Action item - Please output exactly the lines below, starting at the line that has "此时再编写一个fastapi" and ending at the line that has "それを箱にいれてマイコンと言", both included; leave out all pictures and include nothing else.

Entries provided -
──────────
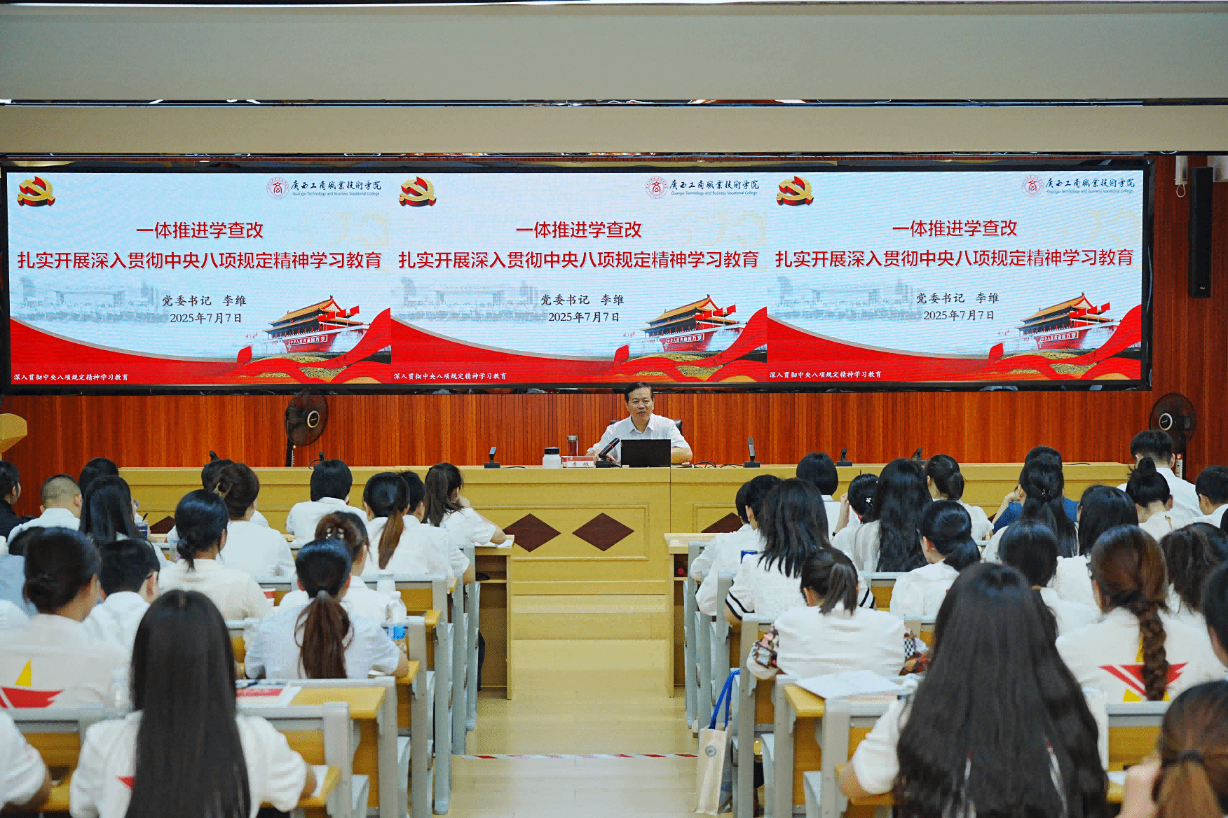 2025年7月7日,學(xué)校黨委書記李維應(yīng)邀為第八期青馬班學(xué)員講授開班第一課,學(xué)校黨委副書記安仲文主持,馬克思主義學(xué)院、校團(tuán)委、各二級(jí)學(xué)院團(tuán)委負(fù)責(zé)人及教師、第八期青馬班學(xué)員參加開班第一課。
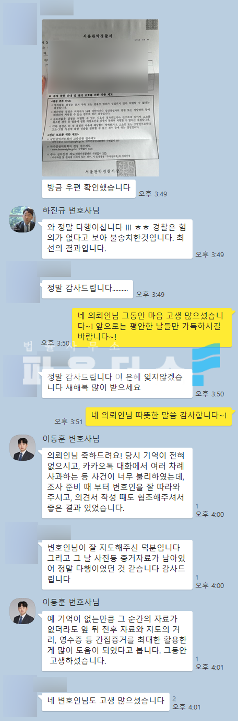 이와 같이 변호인의 적극적인 조력으로 의뢰인은 경찰 단계에서 불송치 결정을 받을 수 있게 되었고 조속한 시일에 사건을 마무리할 수 있었습니다.
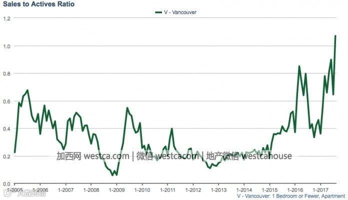 配图为大温地区1卧室公寓销存比,达到惊人的107%。
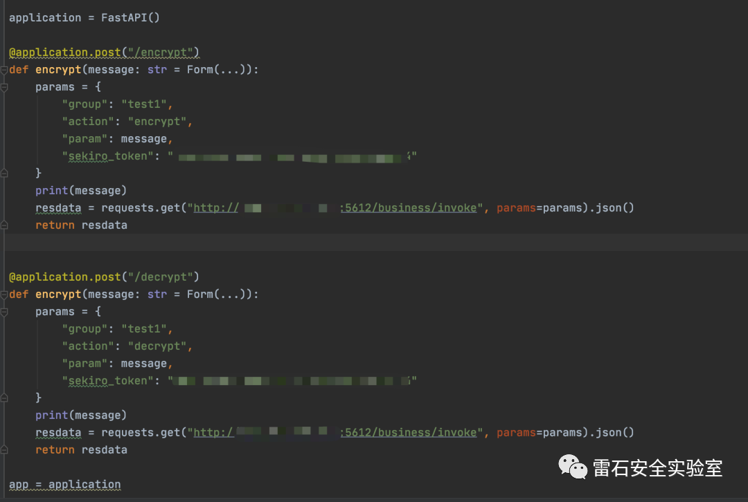 此时再编写一个fastapi,简单起一个web,用于调用sekiro的rpc接口,其中的sekiro_token在登录sekiro的web端后有,复制过来即可:
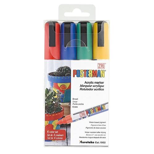 Marcador ZIG Posterman Fabricado do Japão é uma ferramenta versátil que foi idealizada para ser aplicada em diversos tipos de superfície tornando-a a companheira inseparável de todo artista. Sua formulação base água inodora e livre de xileno, torna possível a sua utilização em espaços fechados como estúdios e ateliês.
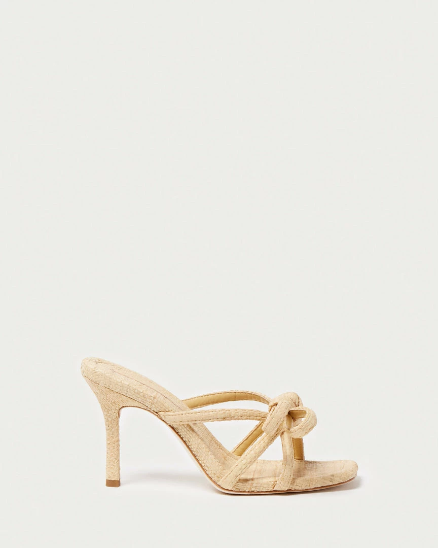 Heeled sandal with knotted bow detail in natural raffia. Features a padded footbed with gold stamped logo and an open, squared toe. 3.5 inch heel.
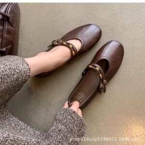 羊皮版~甜美温柔时尚ins风一字带显瘦玛丽珍芭蕾舞真皮平底单鞋女
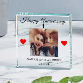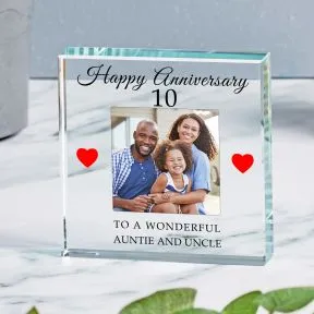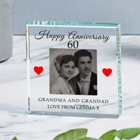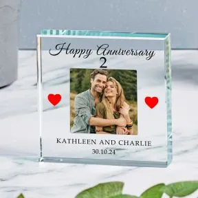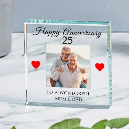 The perfect gift to to celebrate a special anniversary. Made from premium glass it is the perfect, modern way to display a favourite photo. Personalise with your choice of anniversary, a favourite photo and a message of your choice to make a beautiful gift and keepsake. Supplied in a lovely organza gift bag. (Size 90 x 90 x 20mm)
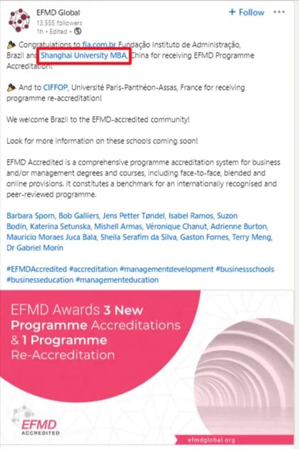 此次获得商科三大国际认证之一“EPAS”,标志着SHUMBA继2020年获得AMBA 最高5年再认证后的一次新突破;也是对SHUMBA学术质量、管理水平、学生发展和国际化特色的肯定。
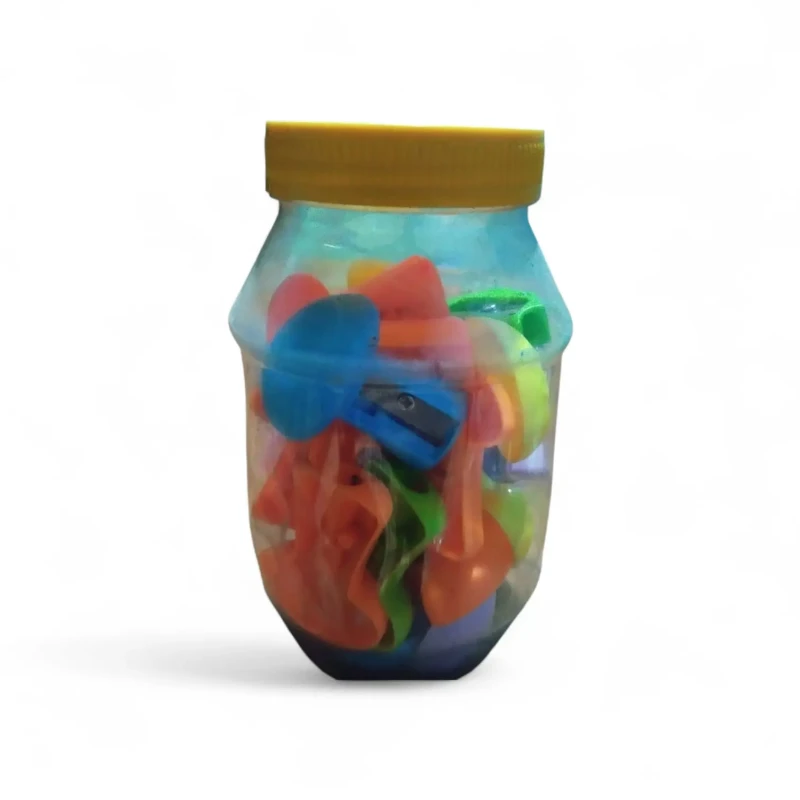 চব্বিশ পিছ ডিজাইন  শার্পনার খুচরা বিক্রি দশ টাকা পিছ এক জার এ চব্বিশ পিছ আছে
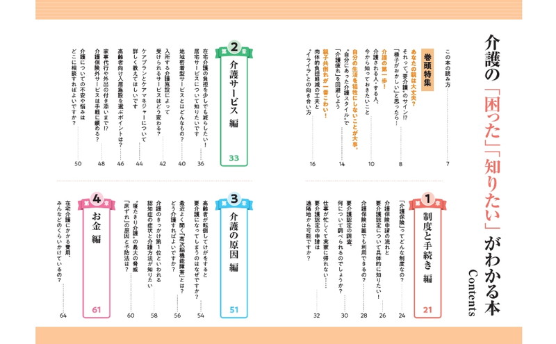 親に介護が必要になったら……? いつかはやってくる、その日。「親が忘れっぽくなった気がする……」「仕事は辞めないといけないの?」「費用は親の貯金で賄えるの?」といった不安を、漠然と抱えている方も多いことでしょう。本誌は、そんな不安はもちろん、すでに介護に携わられている方が直面するお悩みにお答えします。「困った」「知りたい」ときは、この本を開けば大丈夫。もしものときにこの一冊があれば安心の「大事典」です!
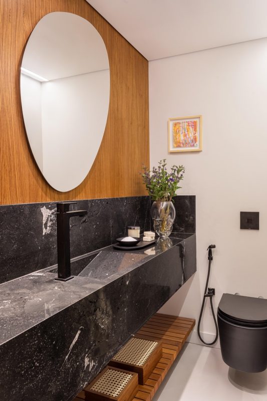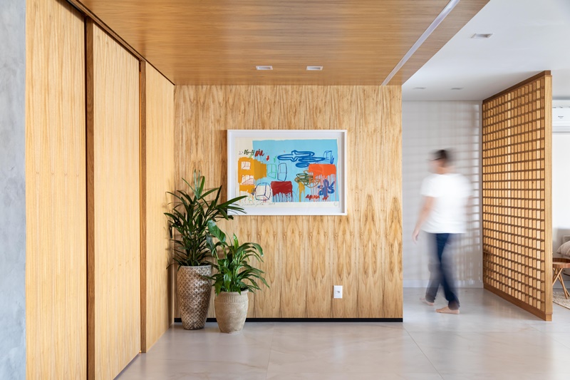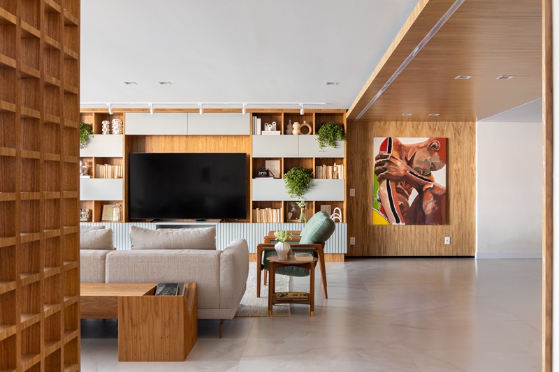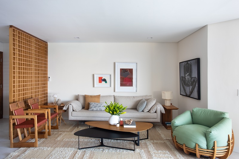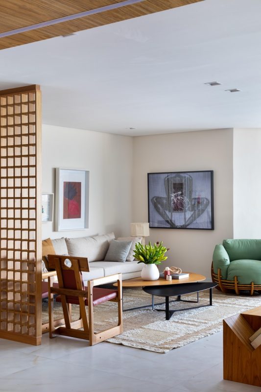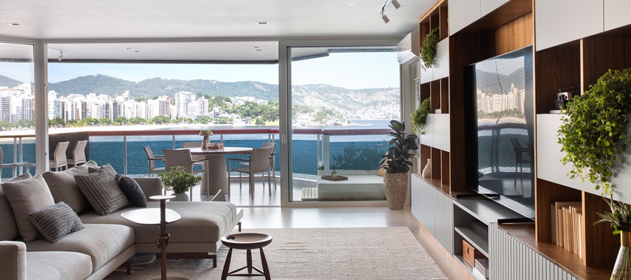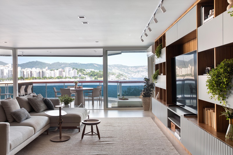 Já no quesito “materiais e acabamentos”, na área social, o arquiteto lançou mão de tons neutros, a exemplo das paredes off white, o piso em porcelanato bege levemente marmorizado e as marcenarias desenhadas por ele próprio, sob medida, com acabamento em freijó natural. “Com isso, conseguimos destacar o acervo de obras de arte dos moradores e manter o protagonismo da linda paisagem externa”, finaliza Henrique Ramalho.
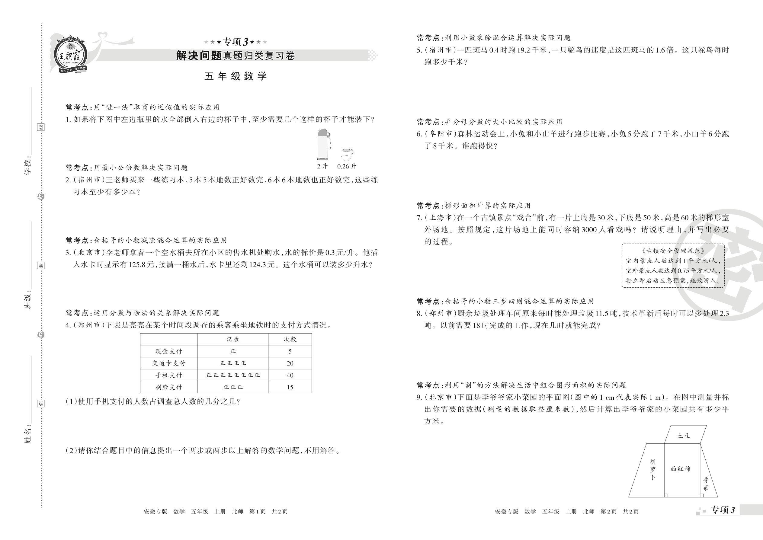 王朝霞期末专项卷——解决问题真题归类复习五年级上册数学(北师版)【3】
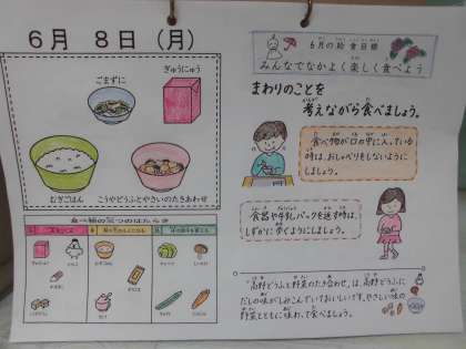 毎月の給食カレンダーの表紙には給食目標が書いてあります。6月の給食目標は,「みんなでなかよく楽しく食べよう・食べ物について知ろう」です。給食室には,1か月間掲示しています。また、6月8日の給食カレンダーにも書かれていました。
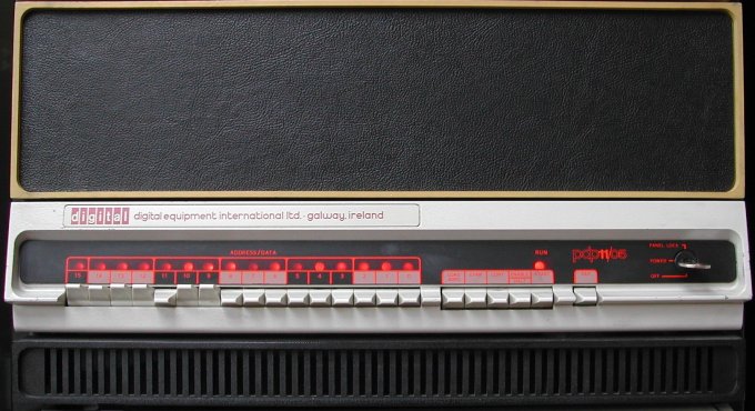 それを箱にいれてマイコンと言うかミニコン風にしようとアルミケースにLEDやSWを付けたものを作りはじめた。スイッチの配列はPDP−11/05を参考にした。奇しくもAltair8800やIMSAI8080によく似た顔になった。IMSAI8080スイッチはPDP−11のスイッチにそっくりだった。このスイッチを付けたかったが、入手できなくて普通のトグルスイッチにした。Altair8800のような顔になったのだった。
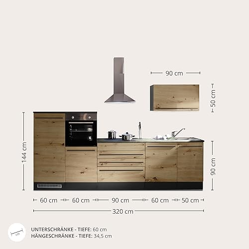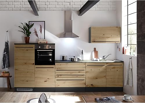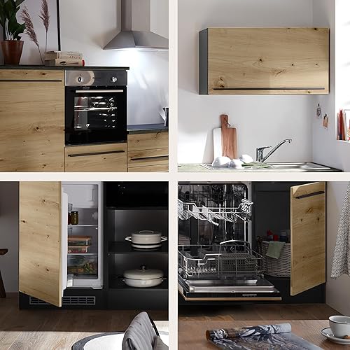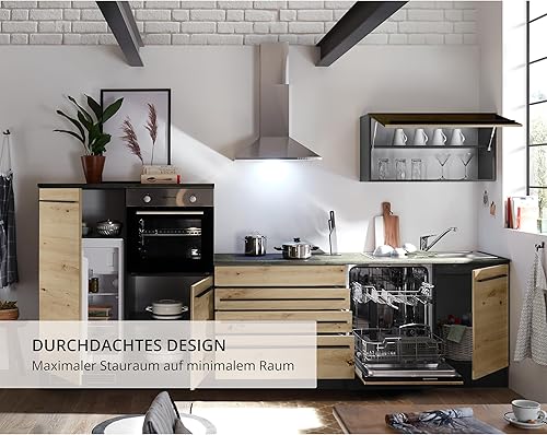 Stella Trading Jazz 4 Cuisine Moderne sans électroménager, Anthracite, Aspect chêne Artisan - Cuisine intégrée spacieuse avec Beaucoup de Rangement - 320 x 200 x 60 cm (L/H/P)
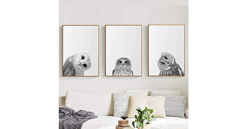 Canvas Wall Art for Nursery - Black and White Owl Picture - Funny Animal Canvas Prints - 16x24inchx3
──────────
Exercise answer -
 此时再编写一个fastapi,简单起一个web,用于调用sekiro的rpc接口,其中的sekiro_token在登录sekiro的web端后有,复制过来即可:
 Marcador ZIG Posterman Fabricado do Japão é uma ferramenta versátil que foi idealizada para ser aplicada em diversos tipos de superfície tornando-a a companheira inseparável de todo artista. Sua formulação base água inodora e livre de xileno, torna possível a sua utilização em espaços fechados como estúdios e ateliês.
 Heeled sandal with knotted bow detail in natural raffia. Features a padded footbed with gold stamped logo and an open, squared toe. 3.5 inch heel.
 羊皮版~甜美温柔时尚ins风一字带显瘦玛丽珍芭蕾舞真皮平底单鞋女
 The perfect gift to to celebrate a special anniversary. Made from premium glass it is the perfect, modern way to display a favourite photo. Personalise with your choice of anniversary, a favourite photo and a message of your choice to make a beautiful gift and keepsake. Supplied in a lovely organza gift bag. (Size 90 x 90 x 20mm)
 此次获得商科三大国际认证之一“EPAS”,标志着SHUMBA继2020年获得AMBA 最高5年再认证后的一次新突破;也是对SHUMBA学术质量、管理水平、学生发展和国际化特色的肯定。
 চব্বিশ পিছ ডিজাইন  শার্পনার খুচরা বিক্রি দশ টাকা পিছ এক জার এ চব্বিশ পিছ আছে
 親に介護が必要になったら……? いつかはやってくる、その日。「親が忘れっぽくなった気がする……」「仕事は辞めないといけないの?」「費用は親の貯金で賄えるの?」といった不安を、漠然と抱えている方も多いことでしょう。本誌は、そんな不安はもちろん、すでに介護に携わられている方が直面するお悩みにお答えします。「困った」「知りたい」ときは、この本を開けば大丈夫。もしものときにこの一冊があれば安心の「大事典」です!
 Já no quesito “materiais e acabamentos”, na área social, o arquiteto lançou mão de tons neutros, a exemplo das paredes off white, o piso em porcelanato bege levemente marmorizado e as marcenarias desenhadas por ele próprio, sob medida, com acabamento em freijó natural. “Com isso, conseguimos destacar o acervo de obras de arte dos moradores e manter o protagonismo da linda paisagem externa”, finaliza Henrique Ramalho.
 王朝霞期末专项卷——解决问题真题归类复习五年级上册数学(北师版)【3】
 毎月の給食カレンダーの表紙には給食目標が書いてあります。6月の給食目標は,「みんなでなかよく楽しく食べよう・食べ物について知ろう」です。給食室には,1か月間掲示しています。また、6月8日の給食カレンダーにも書かれていました。
 それを箱にいれてマイコンと言うかミニコン風にしようとアルミケースにLEDやSWを付けたものを作りはじめた。スイッチの配列はPDP−11/05を参考にした。奇しくもAltair8800やIMSAI8080によく似た顔になった。IMSAI8080スイッチはPDP−11のスイッチにそっくりだった。このスイッチを付けたかったが、入手できなくて普通のトグルスイッチにした。Altair8800のような顔になったのだった。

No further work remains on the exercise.